Epicures pair wines with appetizers, too
Selecting the best wine to pair with your dinner is easy when the menu is simple, such as a grilled steak. A juicy grilled steak equals a full-bodied tannic red wine. But when we’re dining out meals are often a bit more complex, featuring a pairing option we sometimes ignore, the appetizers.
If you consider the appetizer as a mini version of the main courses (they are usually similar) it makes it much easier to find a match. A small portion of salmon, grilled shrimp or quail will pair easily with the same wine simply as a larger portion does, and even with most side dishes. But there are a few tips to keep in mind to navigate your options.

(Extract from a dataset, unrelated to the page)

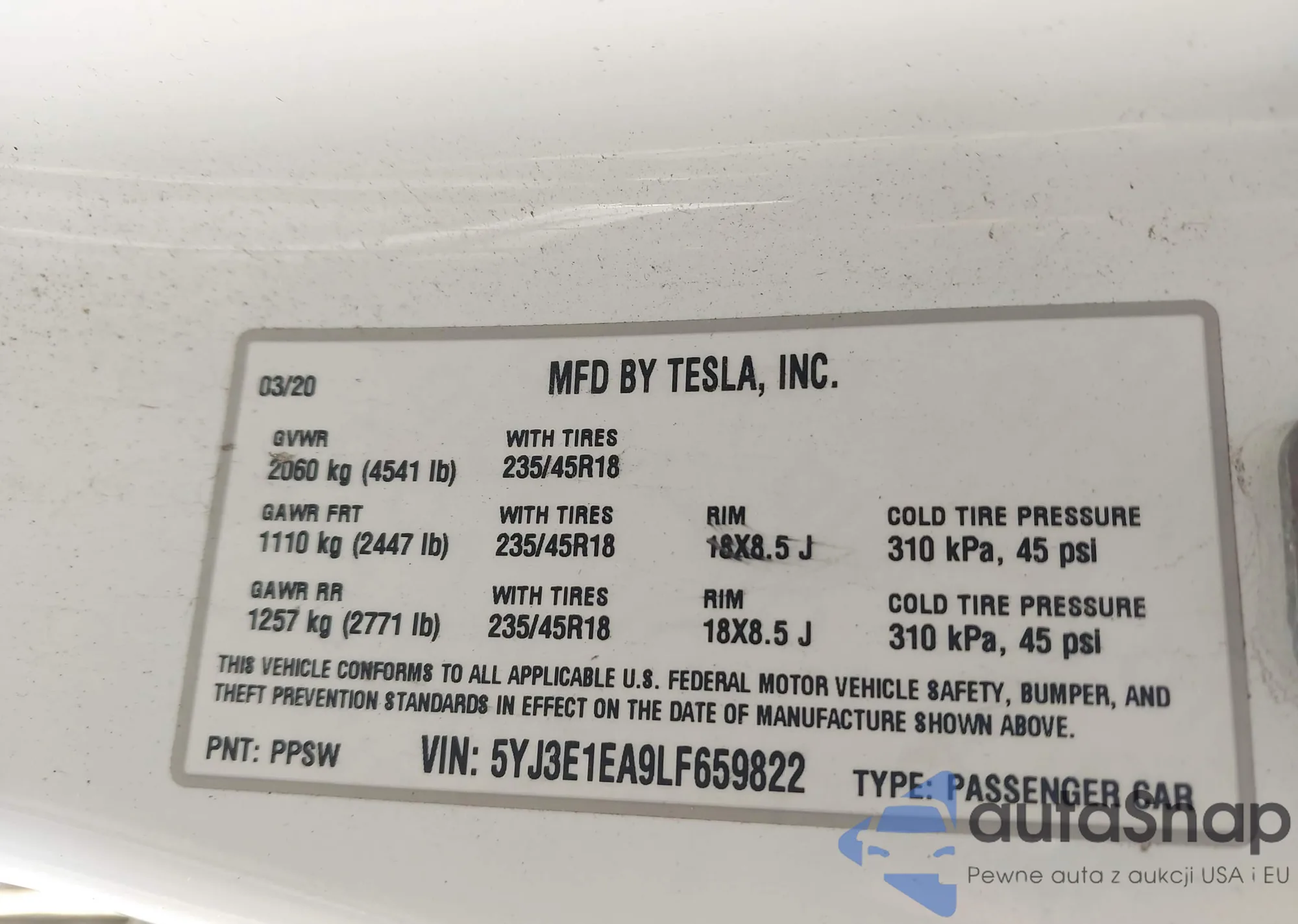 • VIN 5YJ3E1EA9LF659822

Chilled, dry “fino” sherry is a wonderful match with tapas, olives, ham, sausage and basically anything spicy and salty. Many of those dishes are starters and fino or manzanilla styles of sherry can easily accompany a main dish of seafood, smoked salmon, squid and almost any grilled fish. Respected dining establishments know the key to fino sherry is a newly opened fresh, zesty bottle. This is not the style of sherry that can sit forlornly on the bar shelf for months. This style of wine is at its best when opened and consumed within a day or so.
The soup challenge
If a soup is a simple broth or thin liquid it will most likely be an awkward pairing with any wine. Texture and main ingredients are key for a starter soup and wine pairing. The texture may be an addition of noodles, hearty vegetables, meats or even couscous and barley. Soups with texture similar to stew tend to pair easier with wine. As with all food and wine combinations, consider the key ingredients. Pair a light vegetable broth based soup with a lighter bodied white wine. A robust, braised beef soup needs a fuller bodied wine to compete with the dish.
Bubbly simply works
Some of us think of Champagne only with celebration but it’s one of the most food friendly wines we have in restaurants and wine shops. It easily manages a clash of food flavors, weights and textures. Sparkling wine and Champagne are among the most versatile, and popping a bottle of bubbly is the ideal start for any dinner. It is but one of the few wines able to join you with the appetizer and end with dessert.